Polymath, widely regarded as the pioneers of Security Token Offering and related services in the US, recently made an announcement through a blogpost which caught everyone’s attention. 

The STO issuance platform revealed that it will develop a purpose-built blockchain specifically for security tokens, in collaboration with Charles Hoskinson, co-founder of Ethereum and Cardano.

But why built a new blockchain just for security token? Because current blockchain networks weren’t built with compliance with regulatory norms in mind. 


Breakdown of STO issuance platforms

STO services


An overwhelming majority of STOs being launched, are on Ethereum. While this platform is greatly beneficial for its relative ease of development and interoperability it is not ideal for security tokens.


Simply because it wasn’t built with compliance in mind.

Some of the other significant players in the Security Token issuance and management space include companies such as Securitize, Stellar, NEO and Waves among many others. 

Notably, Polymath believes adoption rate of security tokens and security token offerings have not matched with the excitement around them. Pointing to the lack of purpose-built blockchain’s specifically for security token as being the reason for this. Hence the company believes Polymesh, which is built ground-up with regulatory compliance in mind might increase the adoption rate of security tokens and STOs. 

Polymath has also invited Charles Hoskinson as the co-architect of Polymesh. Charles is the co-founder of popular blockchain projects such as Ethereum and Cardano and seems like the right person to help lead Polymath’s new venture. 

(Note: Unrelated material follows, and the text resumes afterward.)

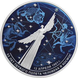 На оборотной стороне расположены рельефные изображения летящей фигуры человека с крыльями и звезды в виде вставки из искусственного камня на фоне выполненных в цвете стилизованных изображений звездного неба и мифологических животных – зодиакальных созвездий Тельца, Льва, Стрельца; внизу по окружности имеются надписи: «12 АПРЕЛЯ 1961 г.», «60 ЛЕТ ПЕРВОГО ПОЛЕТА ЧЕЛОВЕКА В КОСМОС».

The number of STOs surge by 130%

STO services

Globally, the number of STOs being launched observed a huge surge of 130% during Q1 2019 with as many as 47 being launched, according to InWara’s Security Token Offering report.

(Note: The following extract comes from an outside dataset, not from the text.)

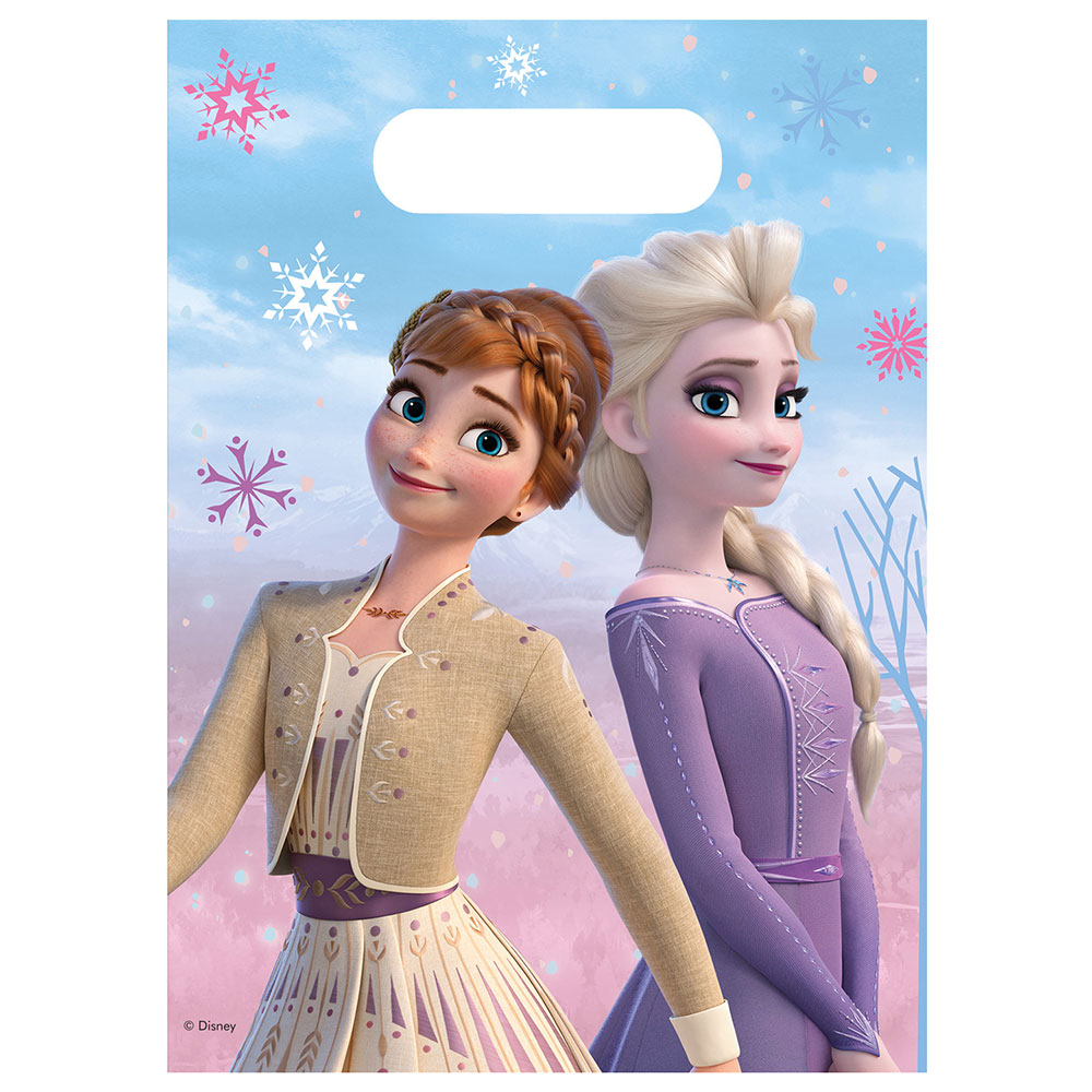 Kalaspåsar Frost 2 Wind Spirit omfattar 6-pack kalaspåsar med Anna och Elsa motiv. Påsarna är i plast och mäter 16,5 x 22,5 cm.

The surge in STO numbers was welcomed by the crypto community with open arms against the backdrop of dwindling ICO numbers. STO stepped into the limelight as an evolutionary change in a hostile environment for unregulated Initial Coin Offerings. ICO projects, especially in the US, ran the incredible risk of being shut down for violation of federal securities laws. 

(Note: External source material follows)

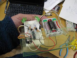 再来週には隣の郡で技家の先生たちが集まるときに、デモを見せると言うことなので、ブレッドボードで作ればいいかと試してみた。
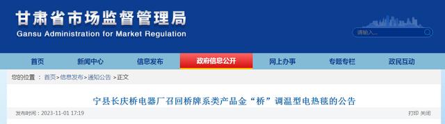- 「甘肅」寧縣長慶橋電器廠召回橋牌系類產品金“橋”調溫型電熱毯

What laws did ICOs violate? 

The Securities and Exchanges Commission or the SEC believes most ICO projects actually constitute a security offering rather than a simple utility token offering as promoters are touting.To know more about the SEC take on what constitutes as security, check out token taxonomy act explained article. But since most ICO projects and utility token qualify the Howey test the SEC believes these projects are in violation of the Securities Act of 1933 and 1934 and other federal securities laws set down by the regulator.